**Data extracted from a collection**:
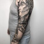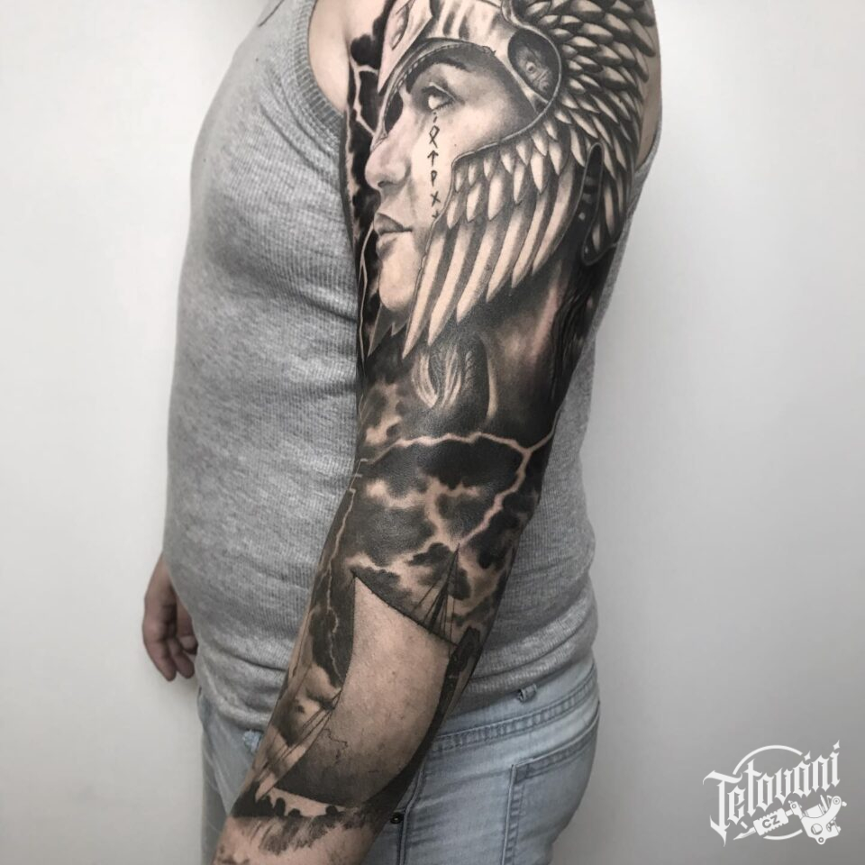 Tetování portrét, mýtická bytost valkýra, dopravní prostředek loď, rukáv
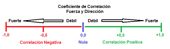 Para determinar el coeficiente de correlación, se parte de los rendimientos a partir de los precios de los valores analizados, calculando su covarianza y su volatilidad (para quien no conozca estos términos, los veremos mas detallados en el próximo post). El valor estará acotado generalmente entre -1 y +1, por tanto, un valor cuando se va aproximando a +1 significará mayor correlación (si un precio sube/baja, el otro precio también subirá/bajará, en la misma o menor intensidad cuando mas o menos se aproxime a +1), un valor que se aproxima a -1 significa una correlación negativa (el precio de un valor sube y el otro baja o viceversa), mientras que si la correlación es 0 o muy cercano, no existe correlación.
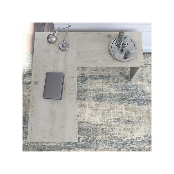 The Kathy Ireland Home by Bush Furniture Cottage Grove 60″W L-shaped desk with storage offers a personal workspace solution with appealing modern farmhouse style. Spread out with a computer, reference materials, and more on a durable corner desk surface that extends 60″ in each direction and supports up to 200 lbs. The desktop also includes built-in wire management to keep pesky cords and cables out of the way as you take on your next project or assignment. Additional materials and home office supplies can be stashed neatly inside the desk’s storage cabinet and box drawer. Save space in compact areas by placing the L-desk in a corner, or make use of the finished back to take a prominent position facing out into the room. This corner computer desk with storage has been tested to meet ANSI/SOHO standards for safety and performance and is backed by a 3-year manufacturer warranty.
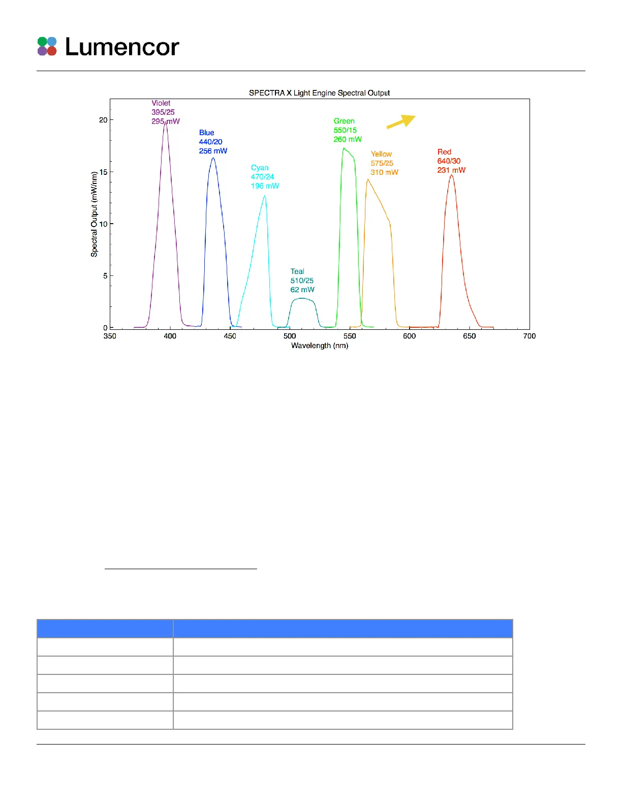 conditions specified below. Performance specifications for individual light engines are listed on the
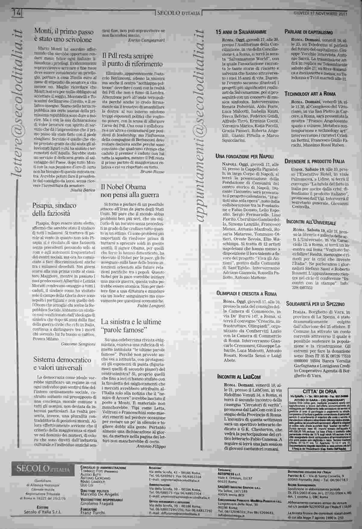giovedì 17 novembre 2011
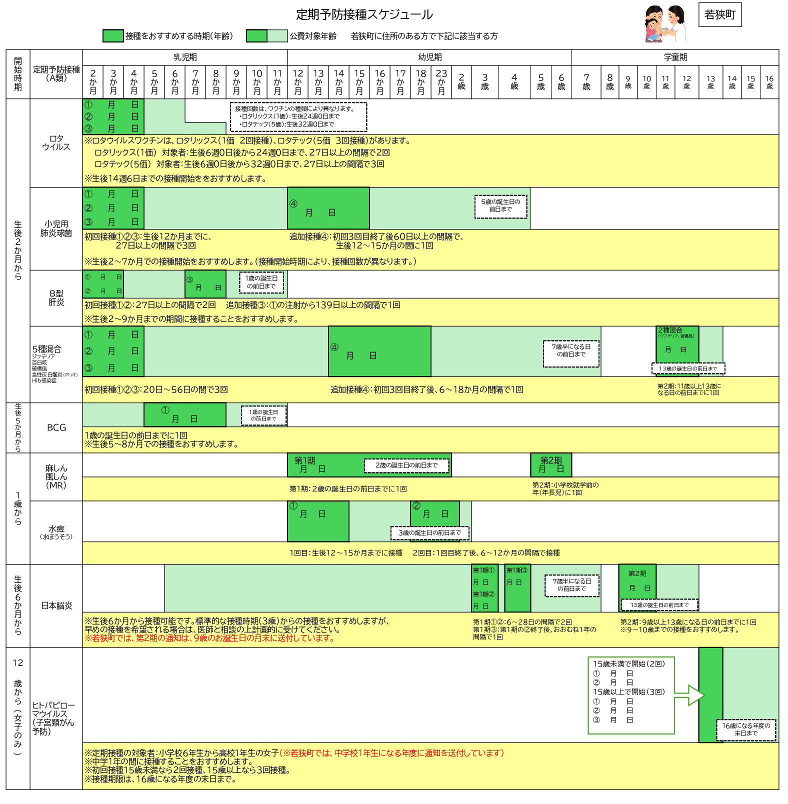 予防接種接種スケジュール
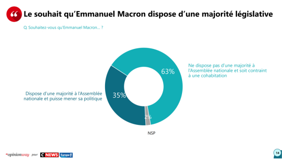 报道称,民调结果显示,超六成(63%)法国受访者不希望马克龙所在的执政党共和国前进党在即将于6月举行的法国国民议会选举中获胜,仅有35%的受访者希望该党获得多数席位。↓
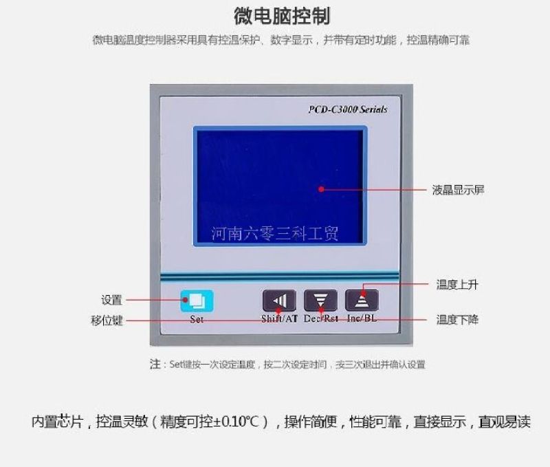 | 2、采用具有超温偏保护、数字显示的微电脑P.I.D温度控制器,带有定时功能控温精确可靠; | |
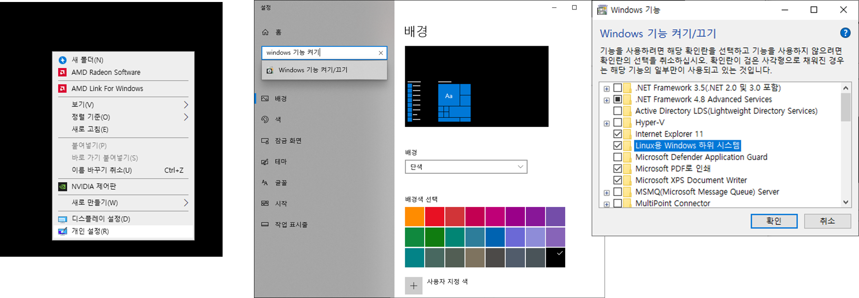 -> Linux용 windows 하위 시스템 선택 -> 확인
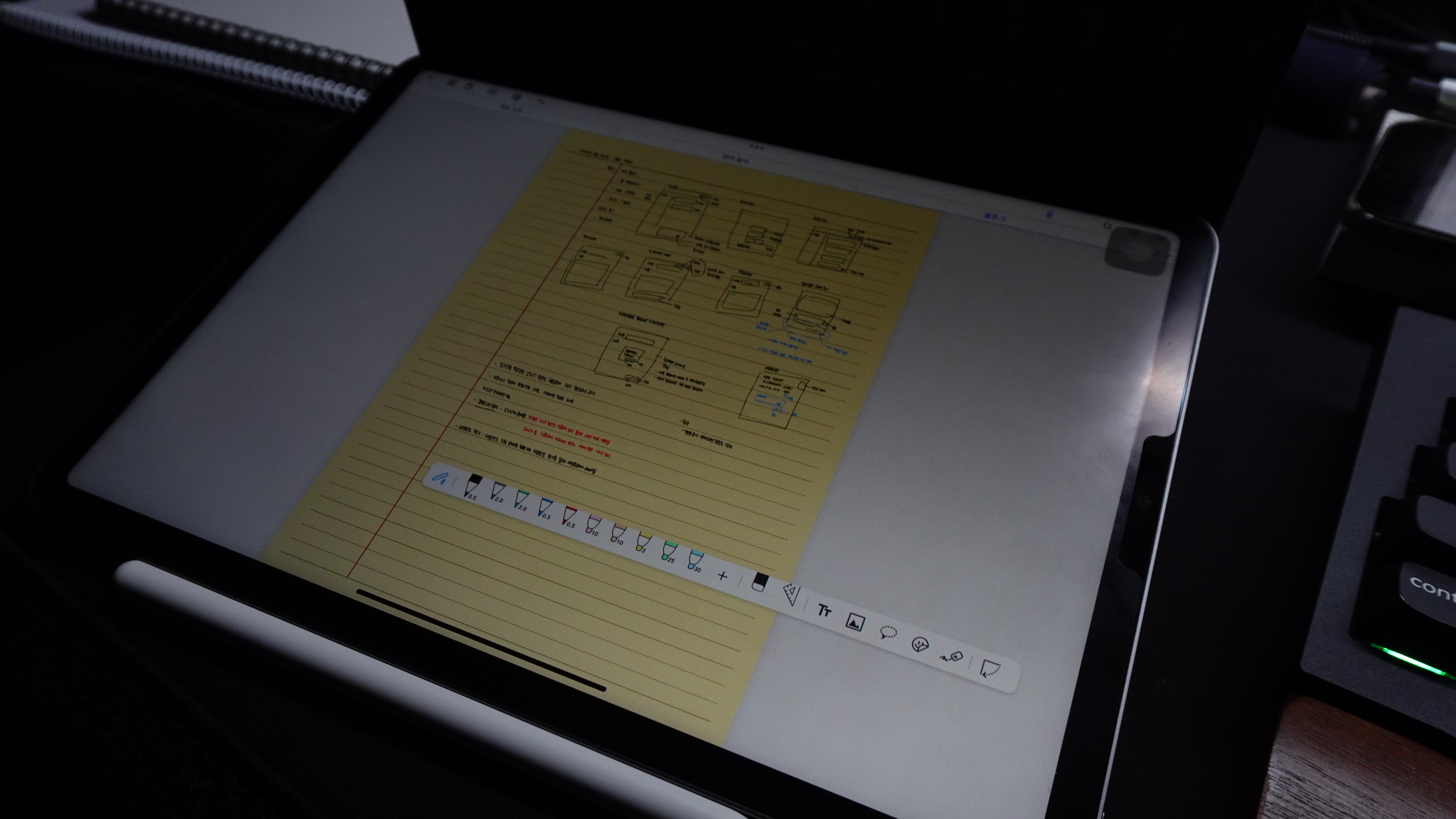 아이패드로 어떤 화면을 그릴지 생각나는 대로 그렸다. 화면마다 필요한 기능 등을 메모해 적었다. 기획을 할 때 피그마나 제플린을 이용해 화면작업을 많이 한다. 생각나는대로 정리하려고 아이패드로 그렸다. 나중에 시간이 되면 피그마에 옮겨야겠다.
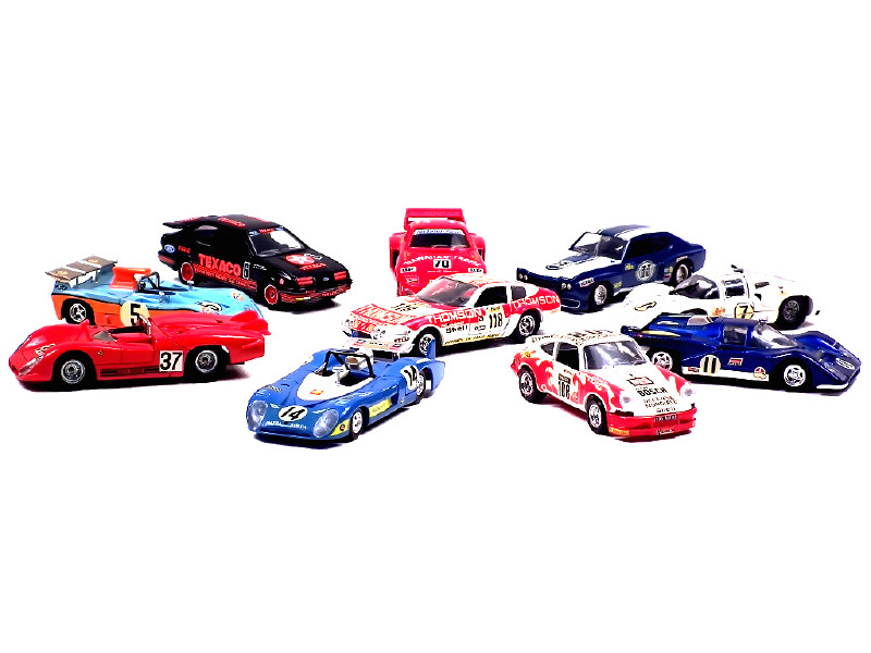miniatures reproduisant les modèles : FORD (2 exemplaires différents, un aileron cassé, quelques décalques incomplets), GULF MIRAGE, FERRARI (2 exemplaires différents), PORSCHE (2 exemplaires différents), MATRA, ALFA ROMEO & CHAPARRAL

**WORK TO BE COMPLETED**: Set the pictures aside and reproduce the data above exactly.

**RESULT OF THE TASK**:
 Tetování portrét, mýtická bytost valkýra, dopravní prostředek loď, rukáv
 Para determinar el coeficiente de correlación, se parte de los rendimientos a partir de los precios de los valores analizados, calculando su covarianza y su volatilidad (para quien no conozca estos términos, los veremos mas detallados en el próximo post). El valor estará acotado generalmente entre -1 y +1, por tanto, un valor cuando se va aproximando a +1 significará mayor correlación (si un precio sube/baja, el otro precio también subirá/bajará, en la misma o menor intensidad cuando mas o menos se aproxime a +1), un valor que se aproxima a -1 significa una correlación negativa (el precio de un valor sube y el otro baja o viceversa), mientras que si la correlación es 0 o muy cercano, no existe correlación.
 The Kathy Ireland Home by Bush Furniture Cottage Grove 60″W L-shaped desk with storage offers a personal workspace solution with appealing modern farmhouse style. Spread out with a computer, reference materials, and more on a durable corner desk surface that extends 60″ in each direction and supports up to 200 lbs. The desktop also includes built-in wire management to keep pesky cords and cables out of the way as you take on your next project or assignment. Additional materials and home office supplies can be stashed neatly inside the desk’s storage cabinet and box drawer. Save space in compact areas by placing the L-desk in a corner, or make use of the finished back to take a prominent position facing out into the room. This corner computer desk with storage has been tested to meet ANSI/SOHO standards for safety and performance and is backed by a 3-year manufacturer warranty.
 conditions specified below. Performance specifications for individual light engines are listed on the
giovedì 17 novembre 2011
 予防接種接種スケジュール
 报道称,民调结果显示,超六成(63%)法国受访者不希望马克龙所在的执政党共和国前进党在即将于6月举行的法国国民议会选举中获胜,仅有35%的受访者希望该党获得多数席位。↓
 | 2、采用具有超温偏保护、数字显示的微电脑P.I.D温度控制器,带有定时功能控温精确可靠; | |
 -> Linux용 windows 하위 시스템 선택 -> 확인
 아이패드로 어떤 화면을 그릴지 생각나는 대로 그렸다. 화면마다 필요한 기능 등을 메모해 적었다. 기획을 할 때 피그마나 제플린을 이용해 화면작업을 많이 한다. 생각나는대로 정리하려고 아이패드로 그렸다. 나중에 시간이 되면 피그마에 옮겨야겠다.
miniatures reproduisant les modèles : FORD (2 exemplaires différents, un aileron cassé, quelques décalques incomplets), GULF MIRAGE, FERRARI (2 exemplaires différents), PORSCHE (2 exemplaires différents), MATRA, ALFA ROMEO & CHAPARRAL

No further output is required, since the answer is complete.